Вся деревня знала, что они с женой пошли в ход с нехорошего; но это самое уменье, это знание «как пойти», как повернуть делами, — это-то и побеждало всех. Все сознавали, что хоть и худо, а умно, ловко, не как-нибудь, не зря, не дуром… Так-то, дуром-то, мало ли поступает и поступала на своем веку не одна крестьянская жена, особливо мастерицы они поступать дуром «не в дом, а из дому», а эта, Аграфена — нет! — Так думали критики, мужчины и женщины, глядя на степенную без гордости Аграфену, истово кладущую в церкви поклоны… Грех! — это так! Да кто не грешен-то? Аграфена небось говеет и кается, да к тому же у ней есть чем хорошо заплатить за грехи-то… И будет такая же, как все православные христиане, а у Михайлы-то, между прочим, дом вон растет не по дням, а по часам, скота прибавляется, да на мирские деньги, которые у него иной раз по месяцам лежат на руках без движения, обороты делает.
К весне следующего года у Михайлы Петрова был в самом деле готов отличнейший дом. Он разделялся на две половины: внизу — кладовые, вверху — две половины горниц.
А в самом начале лета господь послал и новую практику. К помещице приехал гостить брат, старый, лет под пятьдесят, холостяк, отставной военный. Он приехал подышать сельским воздухом и тотчас же, конечно, стал заговаривать с бабами…

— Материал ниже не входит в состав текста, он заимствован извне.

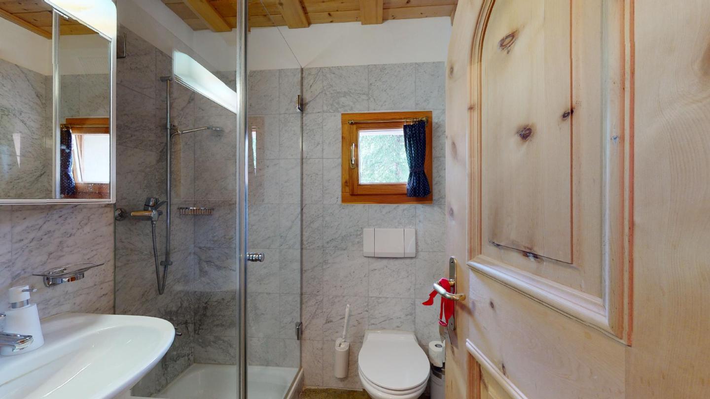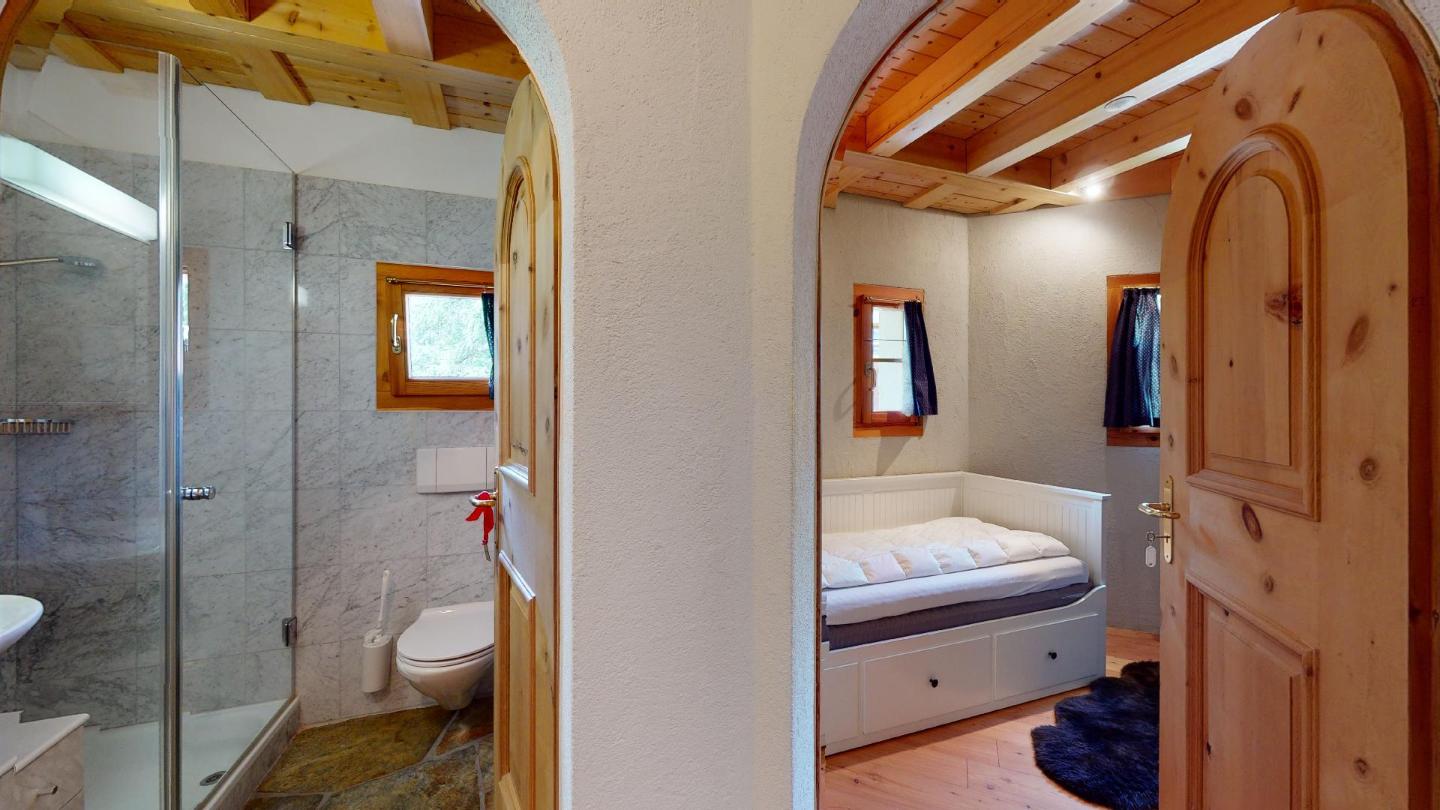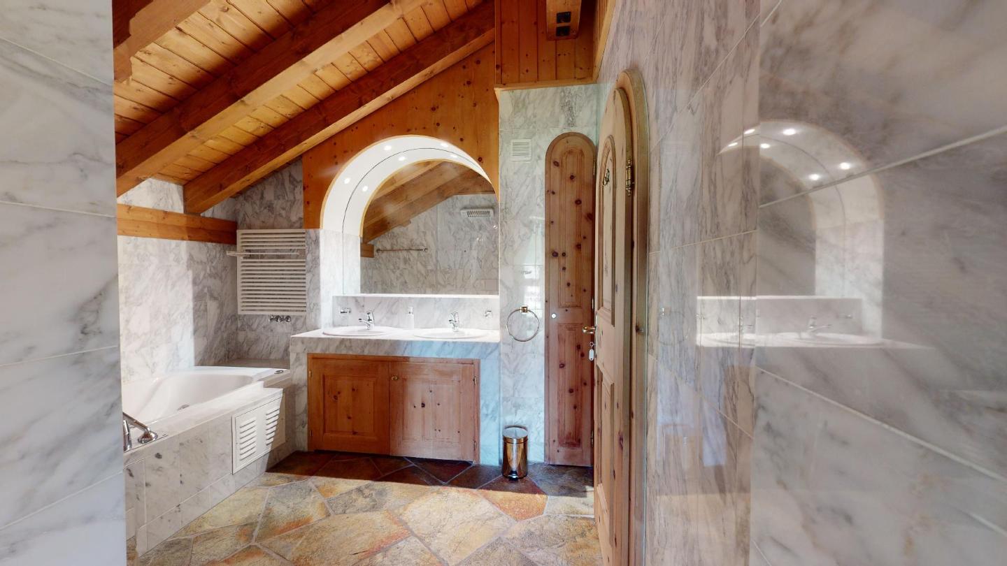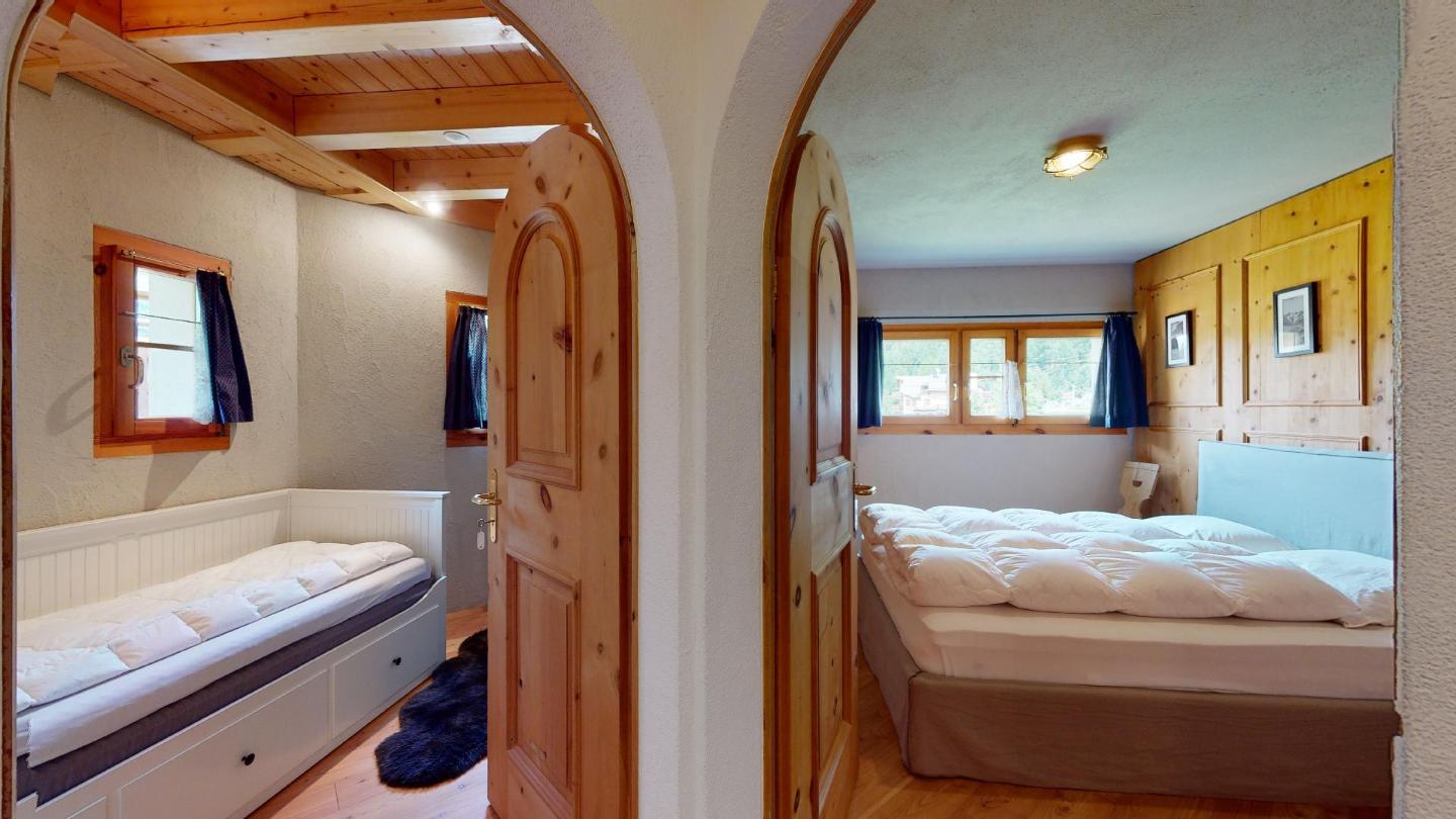 Ebenso separat zugänglich befinden sich im oberen Stockwerk weitere 2 Doppelzimmer (zweites Doppelzimmer nur via dem ersten zugänglich) mit grosszügigen Einbauschränken und einem Badezimmer mit Whirlpool-Badewanne, Doppelwaschbecken und WC/Bidet.

— А матка где? — спрашивал он отечески у малых ребят.
— У поле…
— А молодая у тебя мамка-то или старая?
— Старая…
— Э… какой же ты бутуз!
И так, по-отечески разговаривая, любитель природы направлялся в поле. Здесь он останавливался перед каждой согнутой в три погибели женской фигурой, снисходительно отвечал на земные (по старой памяти) поклоны, но долго не находил того, что именно и было любезно ему на лоне неискусственной природы. Наконец он встретил Аграфену. Она работала вместе с мужем. Поклона земного он не получил от нее, а тотчас остановился как вкопанный, держа руки с палкой за спиной. Он даже сел отдохнуть на первый камень и заговорил. Ошибался он, надеясь на легкую победу и на свою боевую опытность. Интерес в нем Аграфена возбудила сразу и сразу же поняла, как надо поступать. Они оба, и муж и жена, привели ветерана почти в исступление; понемногу, по вершочку, они завладели им, его волей, его мыслями. И, прежде нежели ветеран мог одобрительно отозваться о проведенном лете, он должен был переплатить Михайле Петрову и Аграфене кучу денег: то вперед давал под езду рублей двести, а Михайло обязывался отработать; то Михайло подбивал его купить лошадь, говоря, что она будет, мол, ваша, а только что «покедова» поработает; то Аграфена просила эту лошадь подарить. На этот раз из ветерана была сделана продолжительная доходная статья. Он совершенно влюбился и в Аграфену и в Михайла Петрова, в его порядочность, понимание, в его отсутствие мужичьего разгильдяйства, пьянства. Он помогал достраивать ему дом с таким усердием и интересом, как будто это был его собственный дом.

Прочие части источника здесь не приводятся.